The deafening noise covered his actions. Deckard lifted above his head the overturned chair on which the video tripod had been mounted, and hurled it toward the single unbroken window that looked out to the police station’s cavernous space. The shards of glass sprayed outward, the chair tangling in the cords of the blind, then tearing it loose and trailing the metal slats to the floor. He followed after, keeping low beneath the continuing gunfire, pushing off from the windowsill’s jagged edge. He landed shoulder-first among the bits of glass, then rolling onto his back and drawing the gun from the uniform’s holster with both hands.

“There he is!” one of the cops shouted over the din, pointing. Deckard’s shot caught him in the chest, knocking him back with arms flung wide against the others stationed a couple of yards outside the office’s door. A burst of assault-rifle fire raked the floor as Deckard spun away; he came up with his own gun aimed and another round squeezed off.

He heard the rifle clatter onto the floor, but didn’t stop to look over his shoulder as he scrambled to his feet. The curved-ceiling stairs leading down to the basement levels were a few yards away; bare fluorescent tubes bounced a sickly illumination from the cracked white tiles. He sprinted toward the arched opening.

More shots sounded behind him, but he’d already reached the stairs; he grabbed the rusting metal rail and used it to sling himself hard against the wall. He leaned out far enough to brush his pursuers back with another couple of shots. Then turned and ran, taking the steps three at a time, a barely controlled fall toward the depths beneath the police station.

8 . . . . .

Isidore looked up at the figure standing in the doorway. “Wuh-what is it?”

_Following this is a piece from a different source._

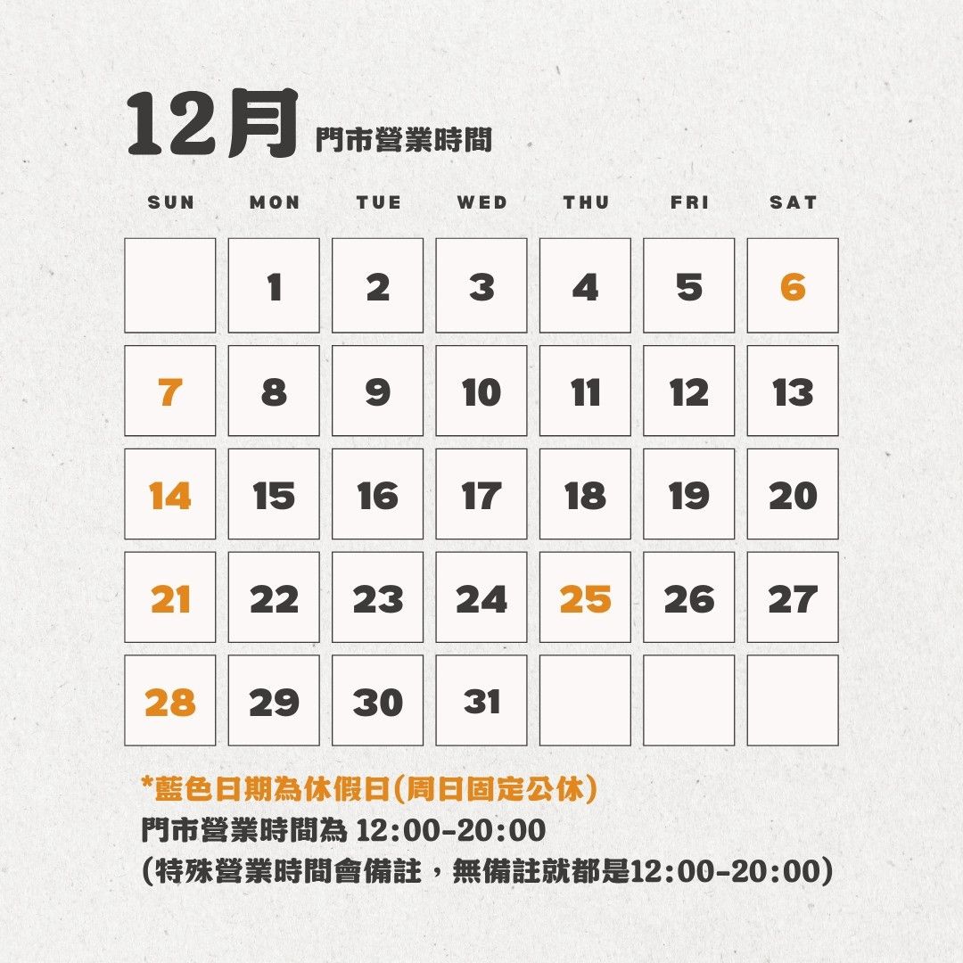 ✅ 門市營業時間:12:00-20:00 (特殊營業時間會備註,無備註就都是12:00-20:00)

The security agent from the Tyrell Corporation stepped into Isidore’s office. So big in his grey uniform with the name tag on the breast that he seemed to take up at least half the available space, his buzz-cut head brushing the ceiling. Andersson looked around, as though seeing the clippings and old calendars on the walls for the first time. “Oh . . . nothing too serious.” The agent turned back toward the owner of the Van Nuys Pet Hospital with a dead, unfeeling gaze. “I just needed to speak with you for a little bit. To tell you that there’s going to be some changes made.”